With Covid turbulence shearing companies apart, Southwest Airlines is throttling up.

Incongruously, the company is tacking on four new destinations this year, including Miami and Colorado's ski country. It has another six new cities on approach for next year, including Chicago's O'Hare, long the power center of United Airlines.

Here's Andrew Watterson, the airline's chief commercial officer, in The Wall Street Journal: "You could wait til COVID is over. But that's far too long."

Southwest certainly isn't immune to Covid carnage. The company has lost $1.7 billion in the past two quarters. It's flying about one-third less than a year ago and revenue in the recent quarter plunged 68%.

The bright side: its rivals are suffering far more. Southwest does little flying abroad, a category that has been crushed by the pandemic. In the recent quarter, it rose to become the No. 2 domestic carrier by traffic. American Airlines, the No. 1, has also been opportunistic in its route strategy.

Business is a boxing match. And when it gets hectic, the victor is often the one best able to weather the blows and attack, rather than save energy and rest up. Cycling is probably an even better metaphor; no one breaks away until the whole peloton is suffering.

Here's Watterson again, sounding every bit like Lance Armstrong circa 2005: "We needed to force a pace."

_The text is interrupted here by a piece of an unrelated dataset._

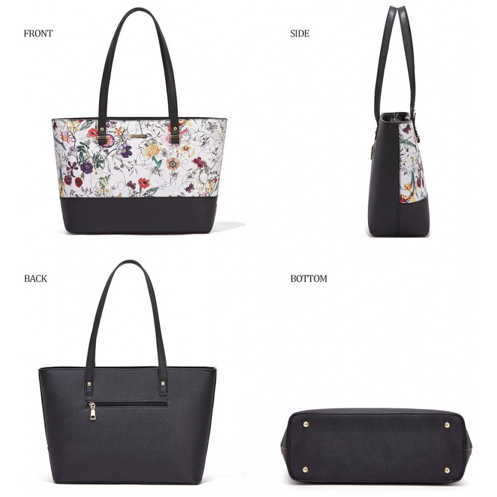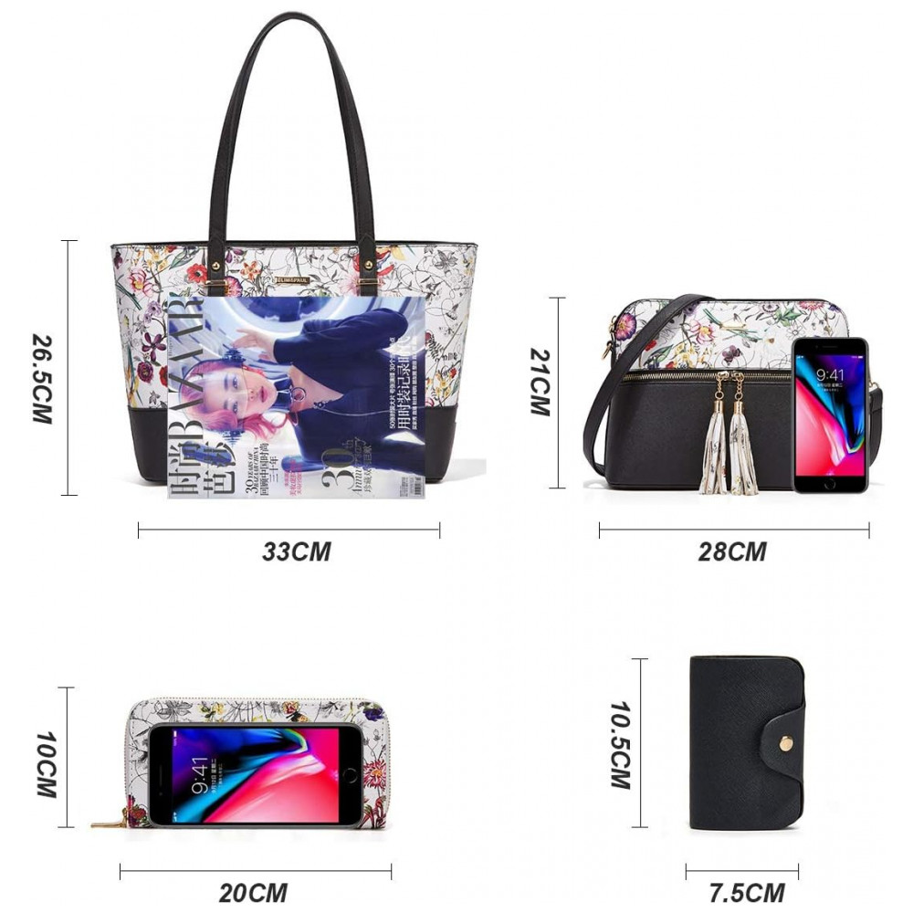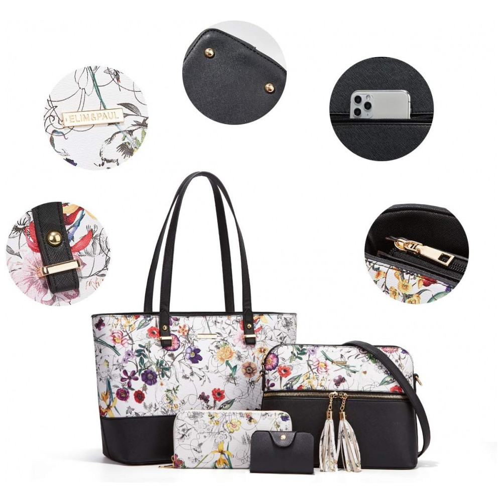 Conjunto de Bolsas Femininas em Couro Sintético 4 Peças com Carteira Lovematch Preto e Branco Florido

Southwest made a similar push after 9/11 and the 2008 financial crisis. And it isn't just dabbling in some light 737 R&D. It will have 20 flights a day from O'Hare this winter.

For many companies, the pandemic presents similar opportunities to suffer wisely. Target, for example, is crushing analyst expectations, in part, because it is leaning into categories where it has historically been a lightweight, namely electronics and apparel. General Motors, meanwhile, is using the pandemic to absolutely floor it on electric vehicles -- an afterthought until recently.

Covid may be crushing balance sheets, but it's also engineering a vast buy-low moment. Fortune favors the bold … and the least sick.